Roth and DesForges's claims seem particularly weak when they criticize my argument that a well-planned use of amnesty in Mozambique contributed to termination of conflict and prevention of its recurrence. They cannot and do not challenge my conclusions there. Instead they huff that "countless other cases show that it is more usual for impunity to breed violence." But they fail to mention another example that I referred to in my discussion of amnesties: South Africa. I readily agree with Roth and DesForges that the amnesty-based agreement reached for Sierra Leone in 1999 failed to reach its twin objectives of ending the violence and preventing recurrence. Still, the record on amnesty-based deals is far more complex than they maintain.

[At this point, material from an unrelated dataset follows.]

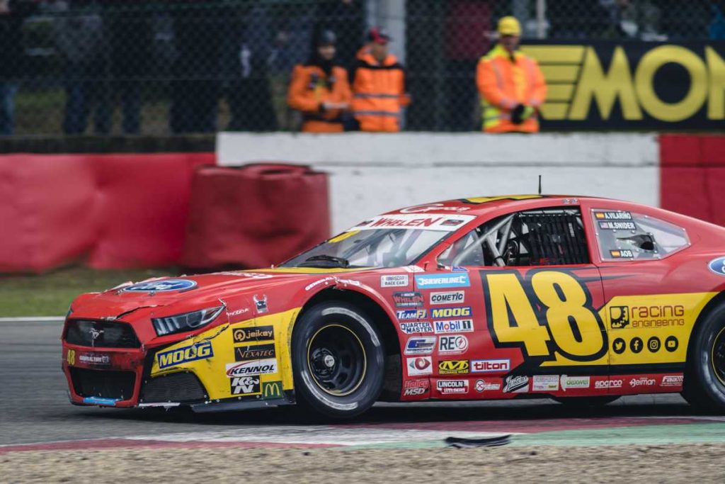 La última carrera Elite 2 de las NASCAR Whelen Euro Series 2019 en Zolder se presentaba con los pilotos de Racing Engineering, Hugo De Sadeleer y Myatt Snider, alineándose en los puestos noveno y décimo de la parrilla después de los resultados de la carrera del sábado, en la que ambos vieron arruinadas sus opciones tras recibir toques de otros competidores que obligaron a retirarse a Myatt e hicieron perder varias vueltas a Hugo. Como anunciaba el pronóstico meteorológico, había llovido y la pista estaba mojada, por lo que los coches iniciaron la carrera de 15 vueltas montando neumáticos rayados.

Before we exclude amnesty from the tools available to peacemakers, we need to conduct more research into the conditions of its successes and failures.
Roth and DesForges urge that, "we owe it to the victims of the Rwandan genocide…to contemplate Cobban's theory from their perspective." As it happens, I recently spent ten days in Rwanda doing just that. The testimony of a million victims speaks only problematically from the mounds of skulls and other ossiary at the various genocide memorials around the country. The views I heard expressed by survivors of the genocide—who are shockingly few in number, at around only 200,000—represented a spectrum of opinions. But I was deeply moved to find that these opinions skewed substantially toward the view that forgiving the vast majority of those millions of neighbors and compatriots who had participated in the genocide—in return for full truth-telling by these perpetrators—was the best way for Rwandans to move forward. A surprising number of the survivors with whom I spoke—including many who were little inclined to give unthinking support to an official line advanced by the government—said that they are now ready for the broad release into society of genocide suspects that will happen as the gacaca courts get underway. In the offices of the Ibuka survivors' union, one soft-spoken young man told me he hoped that gacaca could generate more information about who was responsible for killing three of his siblings and numerous other family members during the genocide. "Once someone tells me he did it, and asks for forgiveness, then I can forgive," he said. "It's not knowing who did it that makes me insecure."
The saddest aspect of Roth and DesForges's critique is its ungenerous and rigidly ideological tone. For seven years, I lived in Lebanon, which was then reeling under an atrocity-laden internal conflict. People in such societies face enormous challenges as they seek to find a way out of ever-turning cycles of violence, and to resist objectification by the "international community" by rediscovering their own capacities for constructive human agency. Highly-paid lawyers from rich, secure countries are perhaps the last people on earth from whom to expect an understanding of such dilemmas. And people in the human-rights community should avoid pandering to legalistic prejudices.